La guerra y la literatura tienen una conexión
visceral. Homero abrazó la causa de los perdedores troyanos en contra de sus
compatriotas. El poeta yámbico Arquíloco cantó las virtudes de la deserción en la batalla.
Muchos siglos después, Céline la describió como un carnaval demente, donde
todas las categorías y los juicios morales se confunden y la lógica racional de lo motivos se transforma en aberración criminal. Hemingway elogió el
valor viril del combatiente y Claude Simon la animalidad profunda que la nutre como negación de sus valores declarados. En la historia
mundial de la literatura hay tantas versiones de la guerra como guerras en la historia del mundo.
La temática bélica constituye un excepcionl campo de exploración creativa para poner a
prueba las definiciones morales de lo humano y los valores dudosos de la
civilización.
La guerra de Irak fue una guerra anómala no solo
por la sinrazón económica de sus motivaciones, o la crueldad y brutalidad de
los ocupantes, demostrando que la innovación en el negocio de la barbarie es
siempre posible.

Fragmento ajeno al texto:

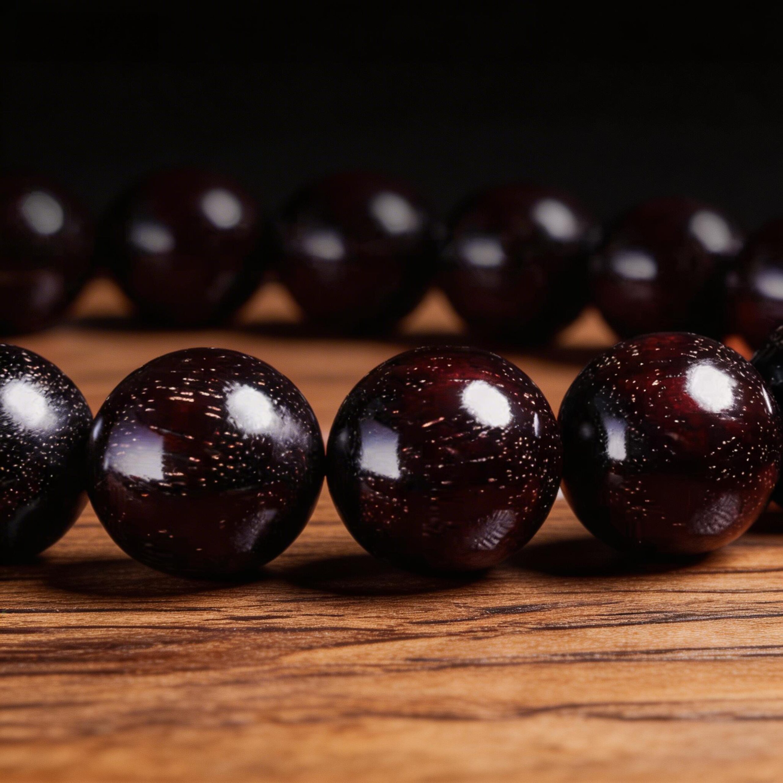 The fine golden grain visible on some beads is a natural formation within the wood structure.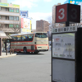 左側にある緑の矢印が示すバス停No.3が八幡平行きです。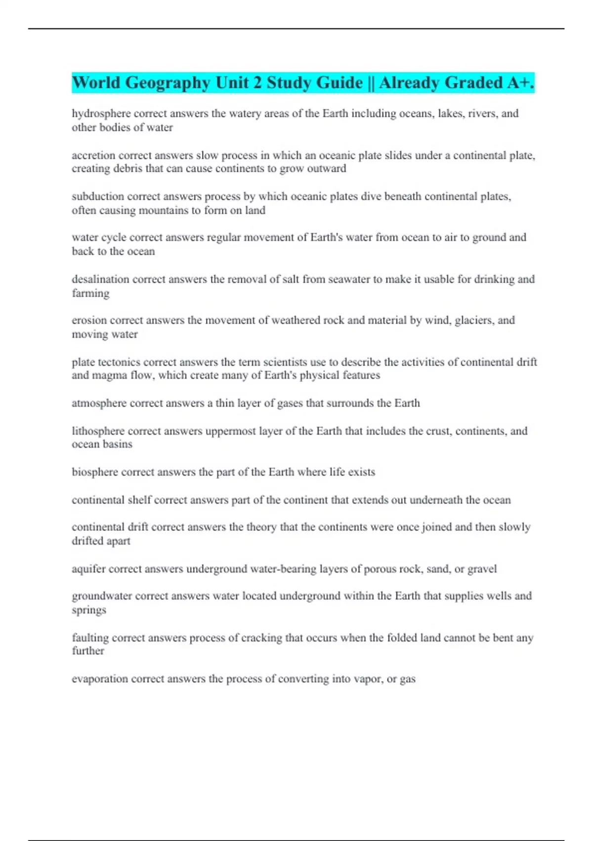 hydrosphere correct answers the watery areas of the Earth including oceans, lakes, rivers, and other bodies of water accretion correct answers slow process in which an oceanic plate slides under a continental plate, creating debris that can cause continents to grow outward subduction correct answers process by which oceanic plates dive beneath continental plates, often causing mountains to form on land water cycle correct answers regular movement of Earth's water from ocean to air to ground and back to the ocean desalination correct answers the removal of salt from seawater to make it usable for drinking and farming erosion correct answers the movement of weathered rock and material by wind, glaciers, and moving water plate tectonics correct answers the term scientists use to describe the activities of continental drift and magma flow, which create many of Earth's physical features atmosphere correct answers a thin layer of gases that surrounds the Earth lithosphere correct answers uppermost layer of the Earth that includes the crust, continents, and ocean basins biosphere correct answers the part of the Earth where life exists continental shelf correct answers part of the continent that extends out underneath the ocean continental drift correct answers the theory that the continents were once joined and then slowly drifted apart aquifer correct answers underground water-bearing layers of porous rock, sand, or gravel groundwater correct answers water located underground within the Earth that supplies wells and springs faulting correct answers process of cracking that occurs when the folded land cannot be bent any further evaporation correct answers the process of converting into vapor, or gas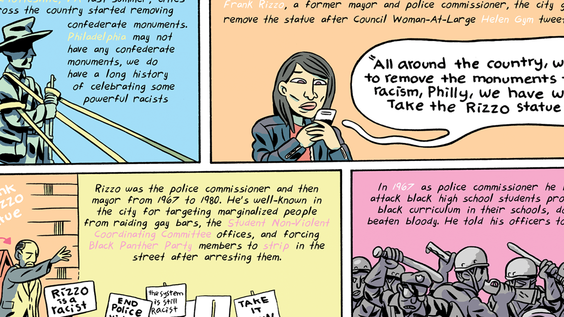 What to do about the most vandalized piece of public art in Philly? Cartoonist Ben Passmore draws out the Rizzo Mural.
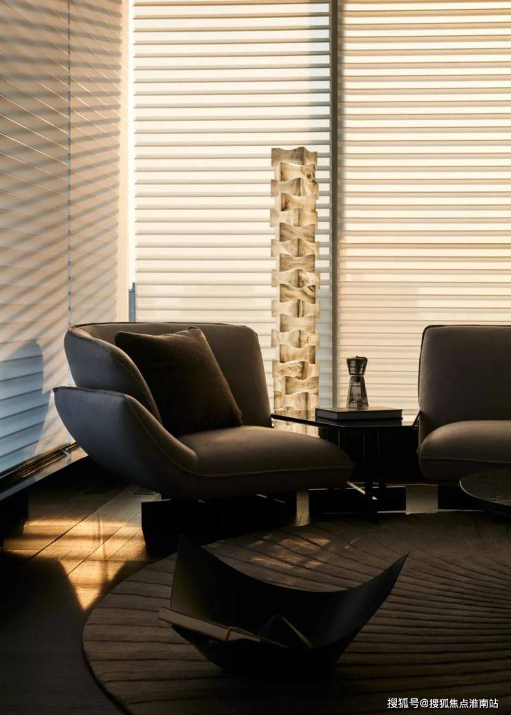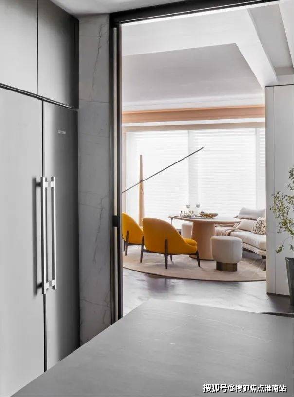 由建筑大师Jean-marie massaud设计的Poliform Le Club扶手椅,用当代的手法重新诠释了上世纪的设计原型。八边形边茶几来自捷克品牌bomma,水晶玻璃突破传统,一抹橘色在优雅氛围中轻盈雀跃。
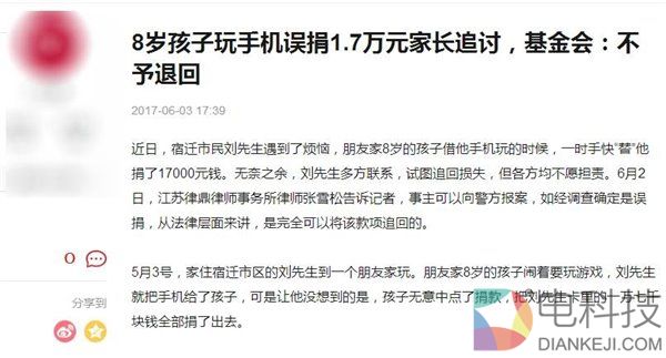 感谢IT之家 网友码农街 的线索投稿IT之家6月4日消息 近期有媒体报道了《孩子玩手机误捐1.7万元,基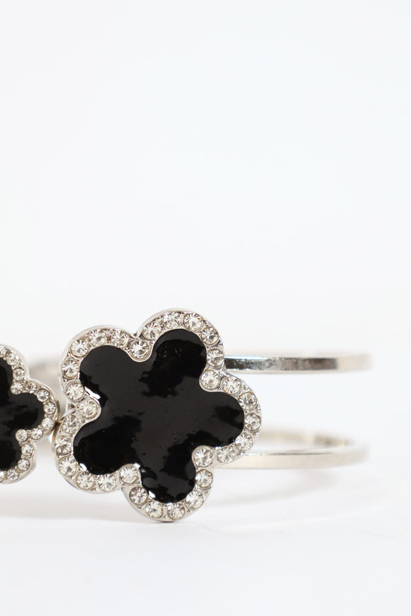 Metal Bar Perspex Flower Charm Tote Bag - Black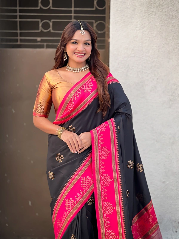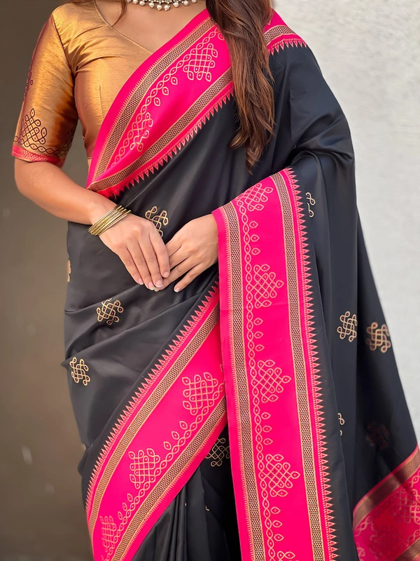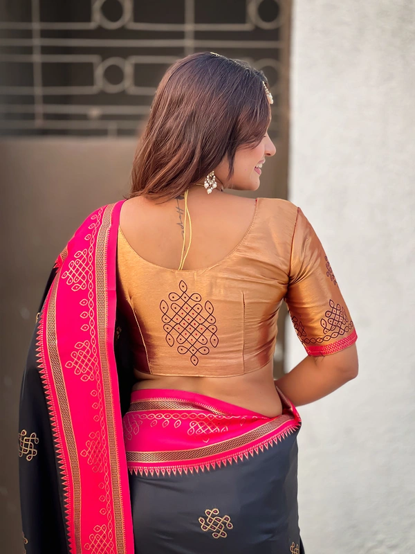 - Exquisite Rangoli Art Zari Motifs: Beautifully woven motifs that adorn the saree, creating a striking visual appeal.
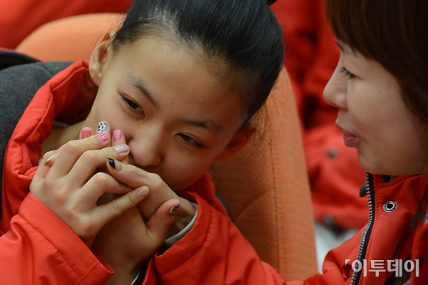 2013 평창 동계 스페셜올림픽 세계대회 한국대표선수단 출정식이 24일 오후 용산구 국립중앙박물관에서 열렸다. 출정식에 참석한 피겨스케이팅 대표 선수와 코치가 함께 이야기를 나누고 있다. 노진환 기자 myfixer@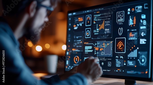 The watermark will not be included on Wall mural.: A focused individual analyzing data on a modern computer screen at night, showcasing digital insight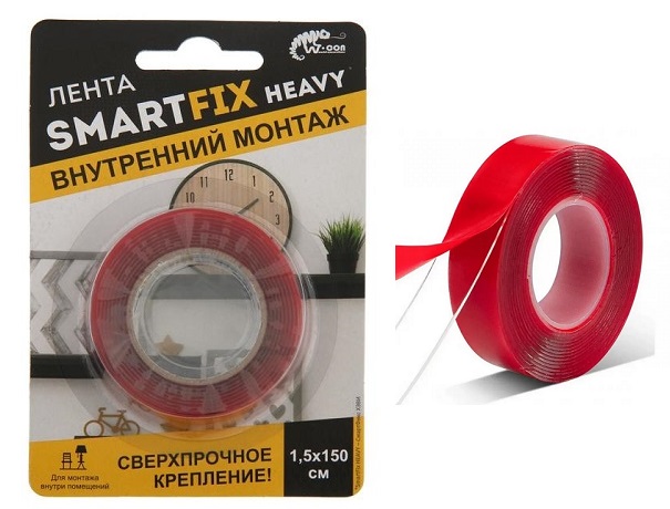 Двусторонняя лента Монтажная Сверхпрочная (Всепогодная) 15мм х 1,5м прозрачная W-СON SmartFix HEAVY /36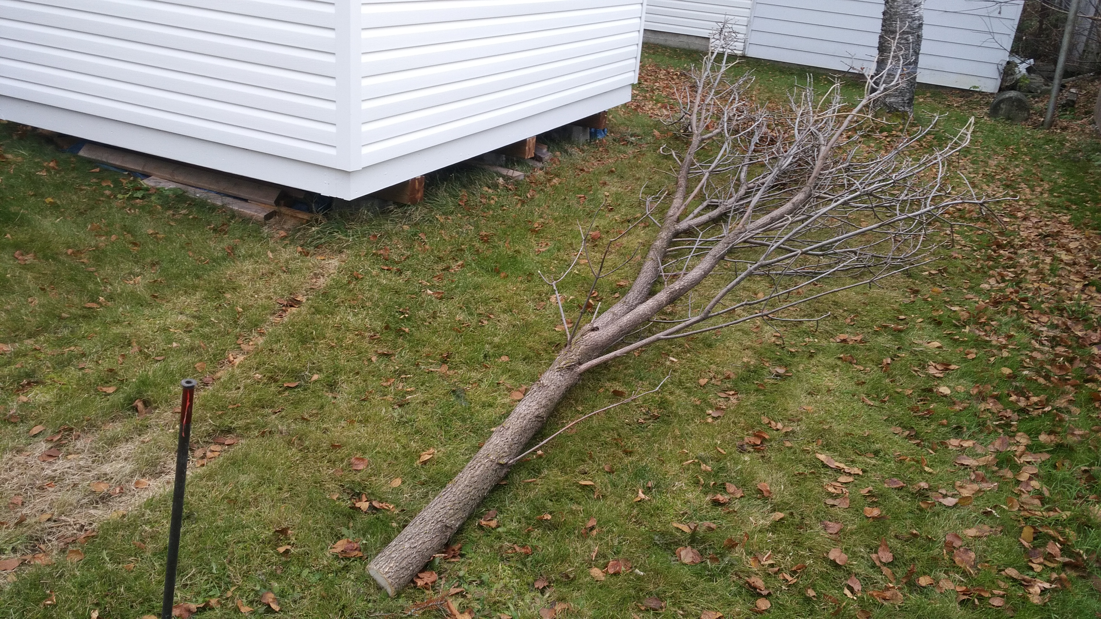 It's getting to point I can't doublecut the tree to remove rounds. Have to cut from two sides then rip it to remove pieces...
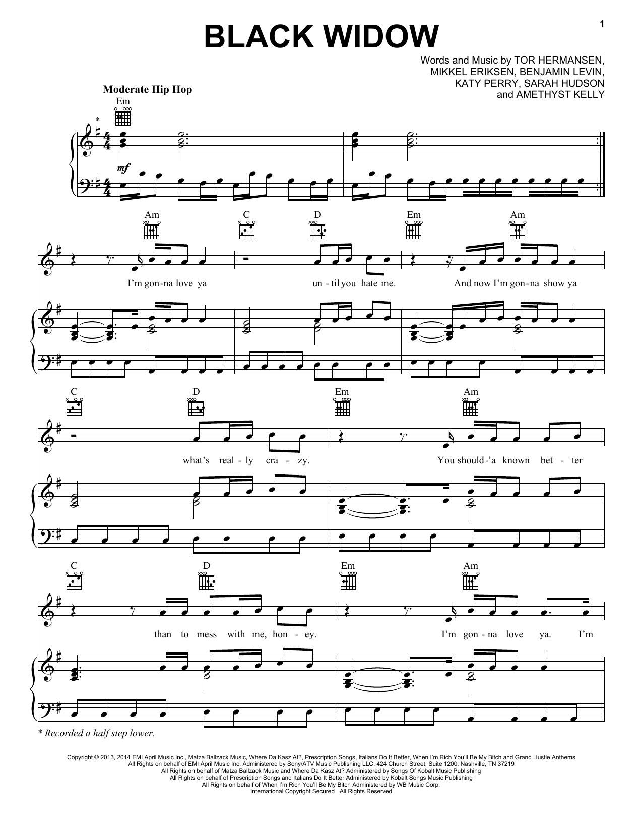 Download or print Iggy Azalea Featuring Rita Ora Black Widow sheet music, chords and digital score arranged for Piano, Vocal & Guitar Chords (Right-Hand Melody). This Pop score includes 5 page(s).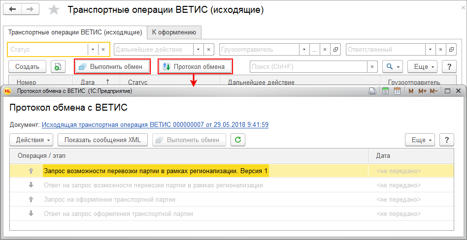 Список всех выполненных и предстоящих операций можно открыть по команде Протокол обмена (рис. 12). По каждой выполненной операции можно просмотреть отправленные XML-сообщения.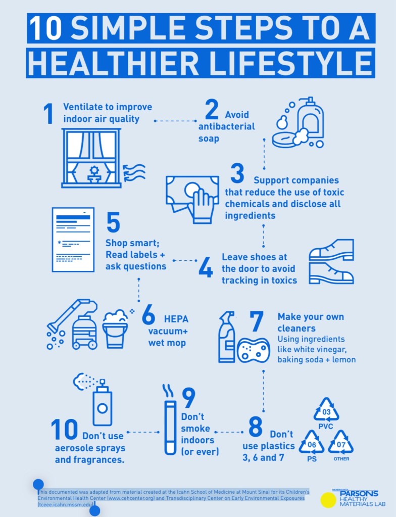Really inspecting materials began when we had children and all of a sudden we were looking at materials more closely along with health and safety. Children fall into a “vulnerable population” because they interact so closely with materials in the environment through touch, ingestion, aspiration in ways that we as adults do not. It’s through these eyes that we should view our environments and take action. Here are 10 simple steps to a healthier lifestyle as created by Parsons Healthy Materials Lab and adapted from material created at the Icahn School of Medicine at Mount Sinai for its Children’s Environmental Health Center (www.cehcenter.org) and Transdisciplinary Center on Early Environmental Exposures (tceee.icahn.mssm.edu). Download here with more in depth discussions to come on each step.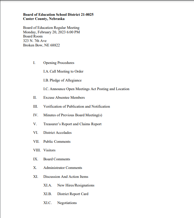 The board will also review, and possibly renew, the 2023-2024 negotiated agreement between the Broken Bow Education Association and the Board of Education of School District 25.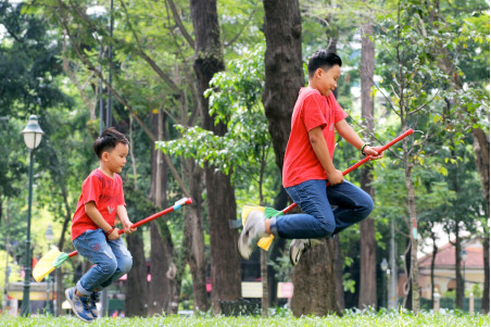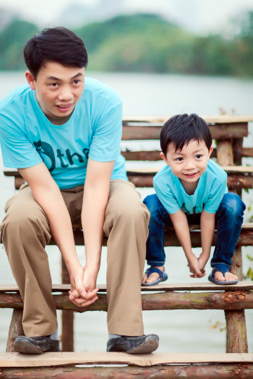 Lời bình: Chẳng cần có bố đi bên cạnh, cứ ai nhìn thấy con là thốt lên ngay "Ôi thằng Hiếu con kìa". Những lúc ấy, bố vừa tự hào, vừa sung sướng khi có một bản thu nhỏ của chính mình. Những giây phút vui đùa bên con, con là chỉ huy nên bố cứ phải làm những hành động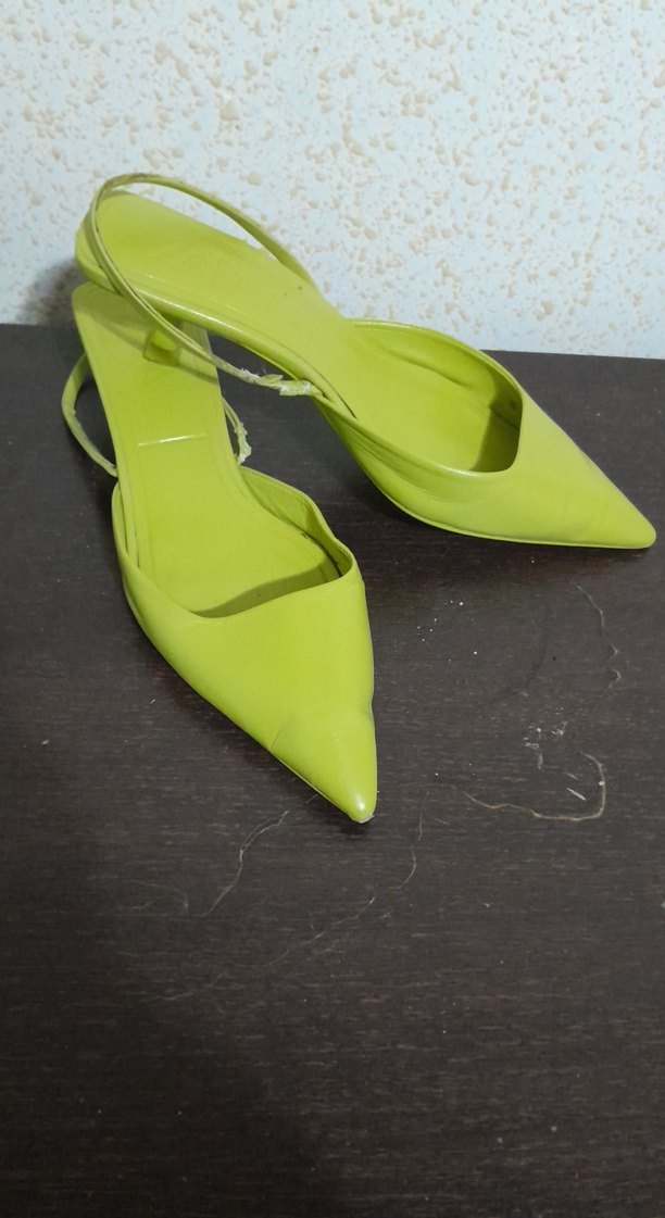 Yeşil renkte, tokalı bantlı, sivri burunlu kadın stiletto. Minimalist ve çağdaş tarzıyla ofis kullanımı için uygundur.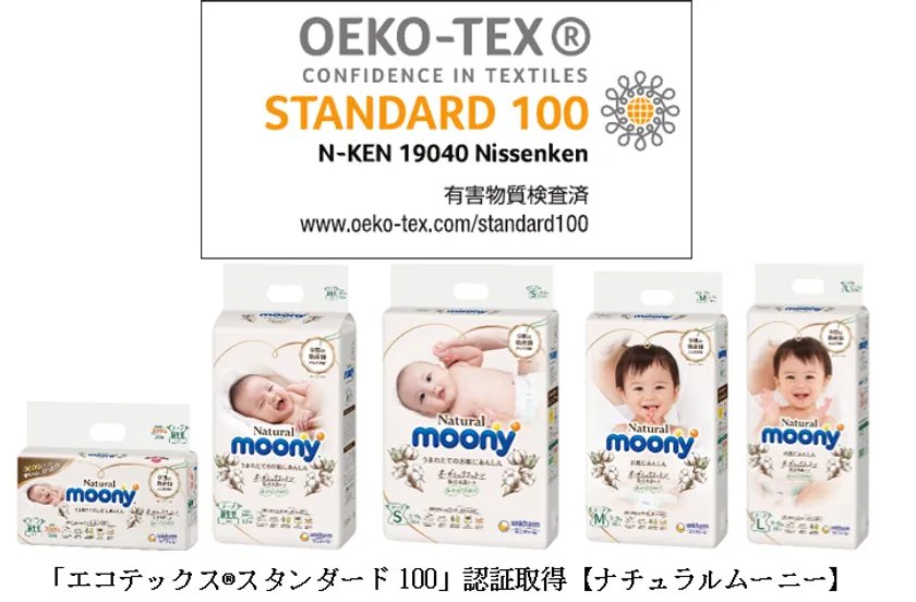 ユニ・チャーム株式会社(本社:東京都港区、代表取締役 社長執行役員:高原豪久)は、最高品質のプレミアム紙おむつである『ナチュラルムーニー』において、世界最高水準の安全性が確認された繊維製品の証である「エコテックス(R)スタンダード100(STANDARD100 by OEKO-TEX(R))」認証を取得しました。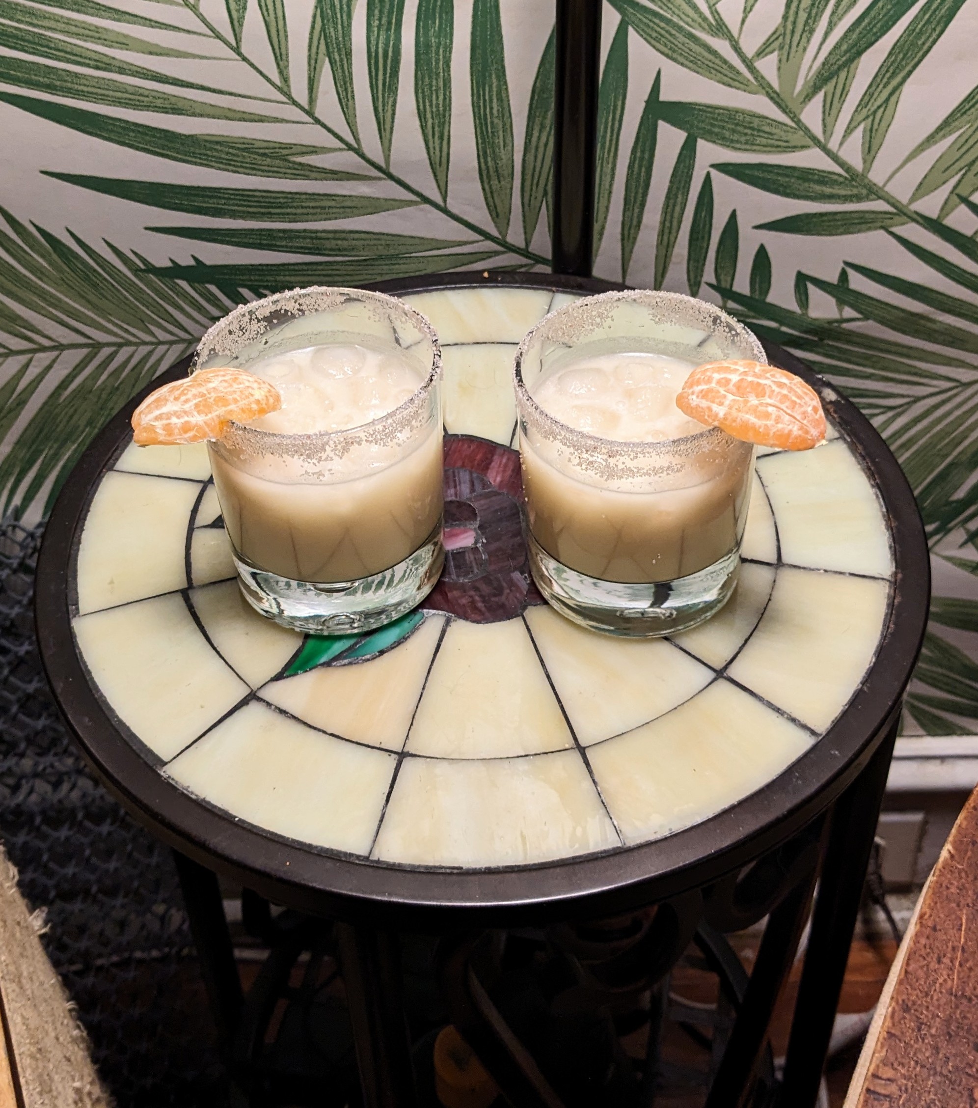 Add mandarin slices and lime juice to a cocktail shaker and muddle. Add in the rest of the ingredients, add ice, and shake for 7 seconds. Rim a glass with agave and coconut sugar. Double strain the cocktail into the glass over ice. Garnish with fresh mint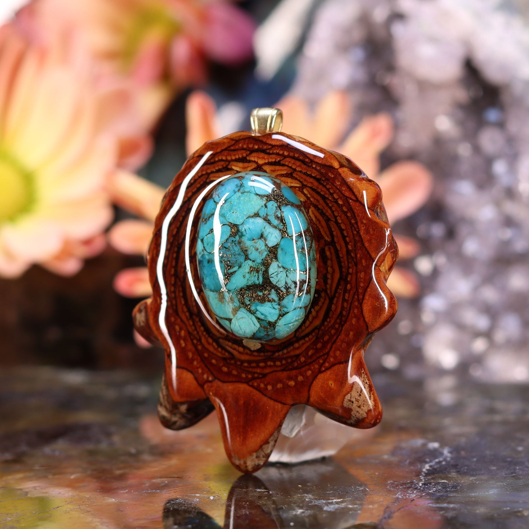 Every pinecone pendant is an elegant gift from Mother Nature -- unveiling the ornate Sacred Geometry hidden at the center of one of the world's densest Pinecones. Because only one cross-section is taken from the "heart" of each Cone, every pendant is absolutely unique, and truly one-of-a-kind.

Además puso en contacto al imperio militar más importante de
la historia con un territorio que fue la cuna de la cultura. Este cortocircuito
entre la alta tecnología destructiva y el suelo del antiguo imperio donde nació
la escritura ya predispone a novelar sin hipocresía.
Al acabar esta magnífica novela de Kevin Powers,
me acuerdo del polémico estreno de Redacted, la escandalosa película de Brian de Palma que muchos odiaron en Estados Unidos y no solo la Fox News y sus adláteres republicanos (viví en directo su estreno en salas y puedo contar detalles vergonzantes de su recepción nacional).
Era evidente que la sociedad norteamericana no estaba preparada en 2007 para
asumir esta visión intransigente del conflicto. Cinco años después, con la
guerra iraquí eclipsada en la conciencia pública por la crisis económica, otra guerra desplazada de contexto, Powers
ha conseguido que su novela reciba todos los elogios y los aplausos de la
crítica y de una parte significativa de los lectores.
El acierto de Powers al poner en escena su
pequeña historia personal se cifra en dos recursos retóricos: primero, un
lenguaje poético de brillante musicalidad que sublima de inmediato con
metáforas e imágenes los aspectos más crudos de la espantosa realidad de la
guerra; y, segundo, una disposición inteligente del material narrativo, orientada
a producir tensión y suspense en el relato en primera persona de lo acaecido en
Al Tafar un siniestro día de octubre de 2004. Sobreponiéndose a su conocimiento
íntimo de la violencia, Powers construye una trama simétrica mediante hábiles
contrapuntos entre los cinco capítulos correspondientes al episodio traumático
(septiembre-octubre de 2004), un único capítulo referido a los prolegómenos del
alistamiento y el entrenamiento (diciembre de 2003) y otros cinco sobre las postrimerías
del hecho (marzo-noviembre de 2005 y abril de 2009).
La cualidad estética del discurso cobra un valor
añadido en la ficción. Las razones por las que el narrador John Bartle
(trasunto posible del Bartleby melvilleano) se alistó en el ejército con 21 años fue
para demostrarse que no era un cobarde ni un maricón, como creían sus groseros paisanos
por su rara afición a la literatura. A través de su experiencia terrible en
Irak y, en especial, de las horribles circunstancias de la muerte de Murphy, su
amigo y protegido de 18 años, Bartle asumirá, tras pasar una temporada en la
cárcel y volverse un extranjero para los suyos, el valor ético de la cobardía
del escritor frente a la falsedad de los valores comunitarios que sostienen sus
semejantes para justificar las masacres y las carnicerías.
En definitiva, Los pájaros amarillos no es
tanto una novela más contra la guerra como una vindicación de la literatura
como arma moral de los cobardes para desnudar la impostura criminal del poder
militar, la propaganda patriotera y los mitos belicistas.